Я подумал, что она шутит.
— Отец?
— Почему же нет? — спросил мужчина. — Уж не слишком ли молодым я вам кажусь? Видишь, детка, звала бы ты меня лучше дядей или братом… К вашим услугам, — продолжал он, меняя тон, — покойной ночи, ребята, завтра рано на работу. Пошли, дочка. Приходите в гости. Ты дала им адрес?
— Не только дала, но даже посоветовала этому, — тут кивком головы она показала на меня, — перебраться в наш пансион. Жокею нет, он устроен прилично. Но этот… знаешь, где он живет?.. В одном из тех постоялых дворов, что ютятся на улице Кирни.
— Скверно, скверно. Беги оттуда, парень. Компания там для тебя неподходящая. Перебирайся в пансион, внакладе не будешь.

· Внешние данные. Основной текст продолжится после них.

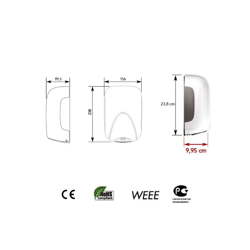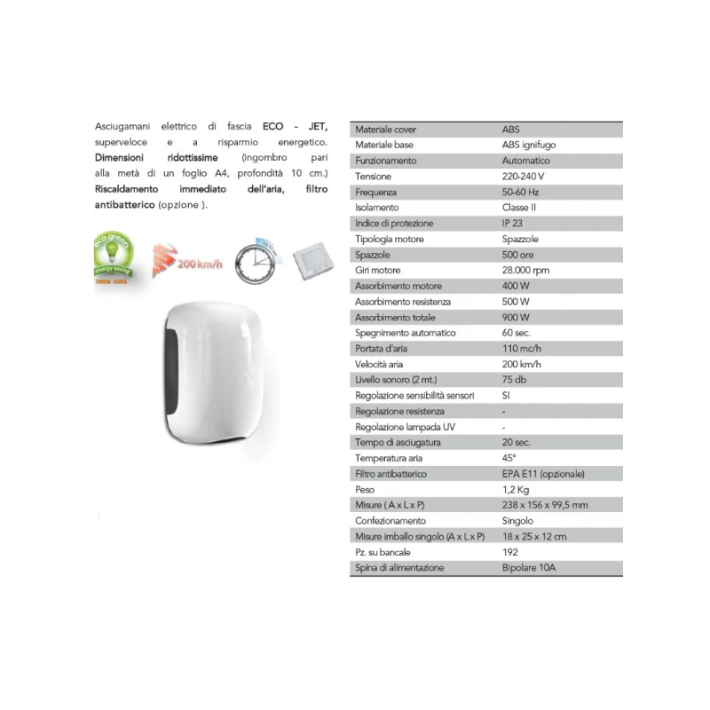 Questo è l'asciugamani più piccolo al mondo, superveloce con un tempo di asciugatura garantito in 20 sec. L'ingombro di questo asciugamani è pari alla metà di un foglio A4, con una profondità inferiore ai 10 cm. Garantisce infatti prestazioni eccezionali in soli 23,8 cm in altezza e 15,6 cm in larghezza: è considerato il più piccolo e compatto asciugatore mani elettrico esistente sul mercato. Il suo design è di nuova generazione, con la massima qualità estetica. Consente il massimo comfort durante l’asciugatura grazie al riscaldamento immediato dell’aria, mantenendo un eccezionale risparmio energetico, con consumi pari a soli 900W. E' raccomandato per qualsiasi contesto con requisiti di igiene mediamente elevati, come casa, bar, ristoranti e tante altre attività commerciali. L'asciugamano elettrico ha un ottimo rapporto performance - consumi - budget di spesa. Il suo funzionamento è automatico con distanza di induzione regolabile. E' 52 volte più economico rispetto ai rotoli di cotone e 40 volte rispetto alla carta

До свидания, — сказал он, пожимая мне руку своей жесткой костлявой лапищей.
— Завтра увидимся, — бросила на прощание Мерседес, — приходи в гости. Старик будет на работе, а одной мне скучно. Слышишь? Так часа в три-четыре, после обеда.
— Приду, конечно, приду. До завтра.
Я коротко распрощался с Идальго. Видя мою решительность, он удалился. Сначала он двинулся по Стоктону, а потом свернул на Пасифик и исчез из виду. Я медленно побрел по Бродвею — одинокий, траченный унылыми буднями и нищетой, висевшими на мне, словно платье. Кто я? Искатель приключений? Быть может. Но приключений серых, неизменно связанных с бездушным сумраком кухонь и ресторанов, со взором, устремленным на причалы; человек, который убаюкивает тоску, влекущую в далекую покинутую землю — ту же нищету и унылые будни, — который свыкается с ней, обманывает ее в надежде на лучшую судьбу. А судьба упорно отказывалась меня признать, причислив к горемычной массе лишенных надежд.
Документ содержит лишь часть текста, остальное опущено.